> [TO DO]:
Without any pictures, print the lines below from the one that has "Savamment agencées dans" through the one that has "Áß¼¼ ¼ºº®¿¡¼ ¿µ°¨", exactly and nothing else.

> [MATERIAL FOR THIS TASK]:
====

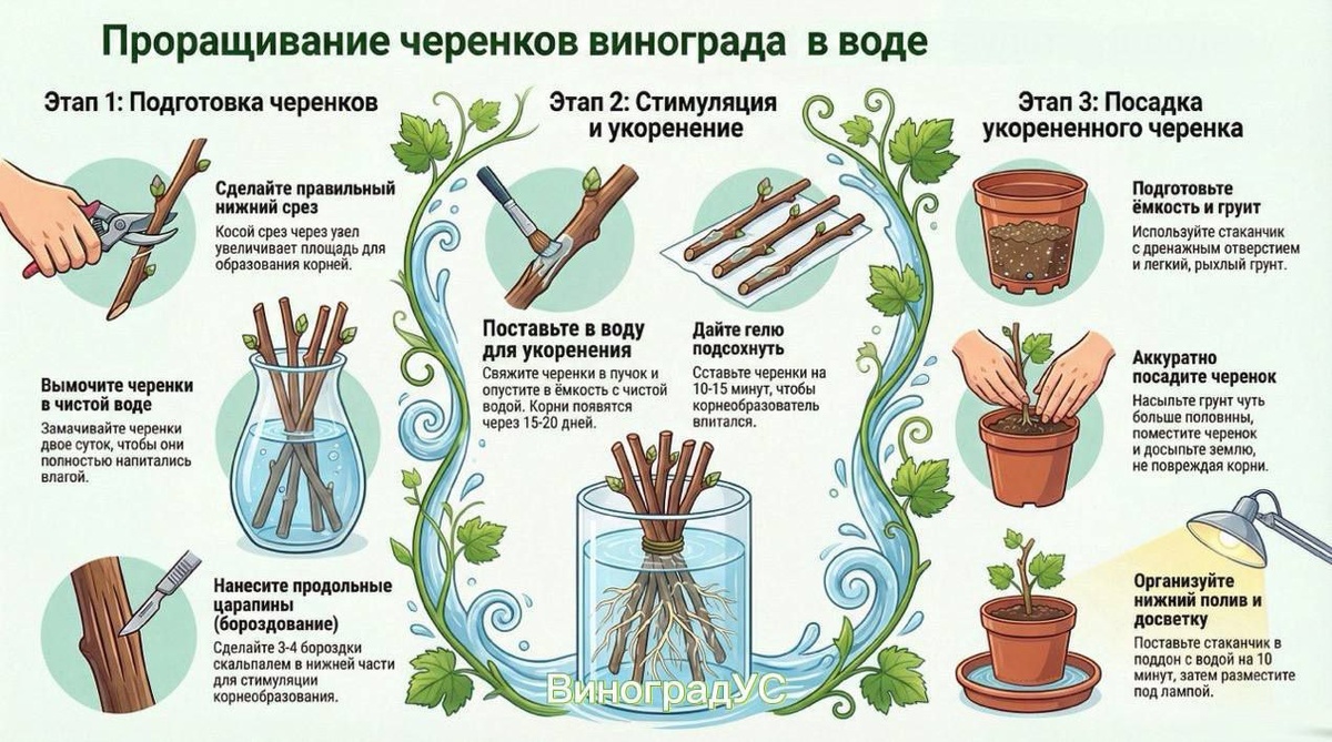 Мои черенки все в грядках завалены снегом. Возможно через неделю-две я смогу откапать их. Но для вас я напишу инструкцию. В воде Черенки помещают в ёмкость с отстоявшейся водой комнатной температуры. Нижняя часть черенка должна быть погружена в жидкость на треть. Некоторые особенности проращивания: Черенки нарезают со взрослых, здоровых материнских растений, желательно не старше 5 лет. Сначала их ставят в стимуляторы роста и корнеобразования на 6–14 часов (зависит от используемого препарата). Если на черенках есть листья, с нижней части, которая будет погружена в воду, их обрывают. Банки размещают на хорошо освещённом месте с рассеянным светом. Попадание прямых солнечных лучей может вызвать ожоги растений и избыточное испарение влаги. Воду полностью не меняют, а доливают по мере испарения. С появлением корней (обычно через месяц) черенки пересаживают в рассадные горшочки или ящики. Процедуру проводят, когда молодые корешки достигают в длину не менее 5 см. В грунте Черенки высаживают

====

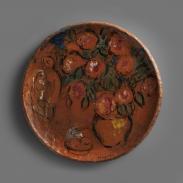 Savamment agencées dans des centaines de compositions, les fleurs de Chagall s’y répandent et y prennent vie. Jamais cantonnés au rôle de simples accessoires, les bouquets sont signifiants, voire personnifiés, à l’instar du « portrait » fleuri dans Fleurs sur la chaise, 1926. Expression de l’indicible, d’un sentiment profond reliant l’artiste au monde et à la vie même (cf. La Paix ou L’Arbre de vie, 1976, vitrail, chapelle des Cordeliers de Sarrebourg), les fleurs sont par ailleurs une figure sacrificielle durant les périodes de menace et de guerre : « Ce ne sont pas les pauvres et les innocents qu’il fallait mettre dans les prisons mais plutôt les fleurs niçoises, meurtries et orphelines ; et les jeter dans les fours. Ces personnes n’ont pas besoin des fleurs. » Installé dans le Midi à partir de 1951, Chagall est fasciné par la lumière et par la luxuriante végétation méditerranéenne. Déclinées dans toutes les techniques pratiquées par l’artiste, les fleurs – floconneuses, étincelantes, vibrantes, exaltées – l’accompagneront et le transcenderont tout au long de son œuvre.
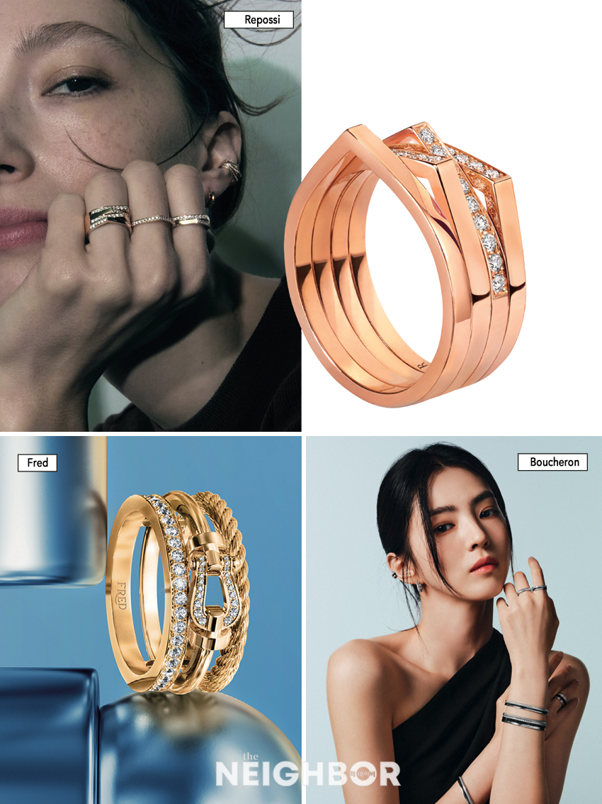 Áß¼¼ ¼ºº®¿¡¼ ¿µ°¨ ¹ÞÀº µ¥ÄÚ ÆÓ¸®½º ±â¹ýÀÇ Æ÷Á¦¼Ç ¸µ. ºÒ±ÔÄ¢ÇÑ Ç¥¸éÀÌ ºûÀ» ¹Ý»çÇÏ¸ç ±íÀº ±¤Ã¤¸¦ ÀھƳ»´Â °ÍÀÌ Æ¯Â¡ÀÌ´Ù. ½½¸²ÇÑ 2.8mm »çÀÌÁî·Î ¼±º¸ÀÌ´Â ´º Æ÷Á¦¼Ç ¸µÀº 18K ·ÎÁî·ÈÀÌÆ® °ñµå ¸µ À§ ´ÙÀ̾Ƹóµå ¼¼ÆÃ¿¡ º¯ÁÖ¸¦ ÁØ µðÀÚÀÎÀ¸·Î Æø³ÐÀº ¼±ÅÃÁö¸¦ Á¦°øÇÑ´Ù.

====

> [ANSWER TO THE PROBLEM]:
 Savamment agencées dans des centaines de compositions, les fleurs de Chagall s’y répandent et y prennent vie. Jamais cantonnés au rôle de simples accessoires, les bouquets sont signifiants, voire personnifiés, à l’instar du « portrait » fleuri dans Fleurs sur la chaise, 1926. Expression de l’indicible, d’un sentiment profond reliant l’artiste au monde et à la vie même (cf. La Paix ou L’Arbre de vie, 1976, vitrail, chapelle des Cordeliers de Sarrebourg), les fleurs sont par ailleurs une figure sacrificielle durant les périodes de menace et de guerre : « Ce ne sont pas les pauvres et les innocents qu’il fallait mettre dans les prisons mais plutôt les fleurs niçoises, meurtries et orphelines ; et les jeter dans les fours. Ces personnes n’ont pas besoin des fleurs. » Installé dans le Midi à partir de 1951, Chagall est fasciné par la lumière et par la luxuriante végétation méditerranéenne. Déclinées dans toutes les techniques pratiquées par l’artiste, les fleurs – floconneuses, étincelantes, vibrantes, exaltées – l’accompagneront et le transcenderont tout au long de son œuvre.
 Áß¼¼ ¼ºº®¿¡¼ ¿µ°¨ ¹ÞÀº µ¥ÄÚ ÆÓ¸®½º ±â¹ýÀÇ Æ÷Á¦¼Ç ¸µ. ºÒ±ÔÄ¢ÇÑ Ç¥¸éÀÌ ºûÀ» ¹Ý»çÇÏ¸ç ±íÀº ±¤Ã¤¸¦ ÀھƳ»´Â °ÍÀÌ Æ¯Â¡ÀÌ´Ù. ½½¸²ÇÑ 2.8mm »çÀÌÁî·Î ¼±º¸ÀÌ´Â ´º Æ÷Á¦¼Ç ¸µÀº 18K ·ÎÁî·ÈÀÌÆ® °ñµå ¸µ À§ ´ÙÀ̾Ƹóµå ¼¼ÆÃ¿¡ º¯ÁÖ¸¦ ÁØ µðÀÚÀÎÀ¸·Î Æø³ÐÀº ¼±ÅÃÁö¸¦ Á¦°øÇÑ´Ù.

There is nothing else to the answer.